As Law&Crime has reported, the amici were earlier granted leave to file briefs for and against Trump’s motion to dismiss. Trump maintains that Smith is unlawfully funded and unlawfully appointed as special counsel. In May, Cannon invited the non-parties to the case to request permission to participate in oral argument at the hearing provided that they made those requests by June 3. Each party did so.

As a result, Blackman, a constitutional law professor, will appear on behalf of law professor Seth Barrett Tillman and the Landmark Legal Foundation to make the case that Smith is not an “officer of the United States,” but a “mere ’employee’” whose “appointment is inconsistent with the separation of powers and political accountability.”

Schaerr will take the position that the special counsel is a “principal officer” whose appointment by U.S. Attorney General Merrick Garland required Senate confirmation, not an “inferior officer” under the Constitution. These amici also include Federalist Society co-founder and Northwestern University law professor Steven Calabresi, Boston University law professor Gary Lawson, and the group Citizens United.

“Smith does not have authority to prosecute this case,” their brief argued. “Those actions can be taken only by persons properly appointed as federal officers to properly created federal offices. But neither Smith nor the position of Special Counsel under which he purportedly acts meets those criteria. He wields tremendous power, answerable to no one. And that is a serious problem for the rule of law — whatever one may think of former President Donald Trump or the conduct Smith challenges in the underlying case.”

Seligman will be the lone attorney other than Smith to make the argument that the special counsel was lawfully appointed and is an “inferior officer” whose “appointment Congress may vest in the Attorney General” and who still answers to — and may be removed by — Garland despite his independent role. Seligman is representing Donald Ayer, former U.S. deputy attorney general under then President George H.W. Bush, conservative lawyer and Trump critic George Conway, former U.S. Attorney Patrick Fitzgerald, former Acting U.S. Attorney General Stuart Gerson, Watergate era prosecutor Philip Lacovara, former FEC Chairman Trevor Potter, former New Jersey Gov. Christine Todd Whitman, and Harvard law professor emeritus and Trump critic Laurence Tribe.

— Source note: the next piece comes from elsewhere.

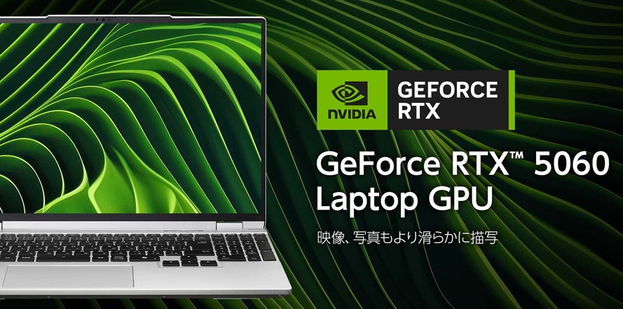 「DAIV S5-A7G60SR-A」はAMD Ryzen AI 7 350 プロセッサ、NVIDIA GeForce RTX 5060 Laptop GPU、16GBメモリ、500GB NVMe M.2 SSDを搭載して239,800円(税込)より、

Smith, for his part, has called Trump’s move to dismiss the case on these grounds recycled and doomed to fail.

“Neither Trump’s challenge nor the Meese Amicus’s additional theories are novel or meritorious; to the contrary, every court that has considered them has rejected them — including authoritative decisions by the Supreme Court,” Smith wrote in March.

“Under governing authority, the Special Counsel is an ‘inferior Officer’ who may be appointed by the head of a department because he is subject to supervision and oversight by the Attorney General,” he added. “That conclusion is confirmed by cases addressing prosecutors vested with authority comparable to the Special Counsel.”

In late May, Cannon additionally “directed” Trump’s defense and Smith to file briefs by June 11 on “what impact, if any, the Supreme Court’s decision in Consumer Financial Protection Bureau v. Community Financial Services Association of America, Ltd.” has on the defendant’s claims that Smith is unlawfully funded.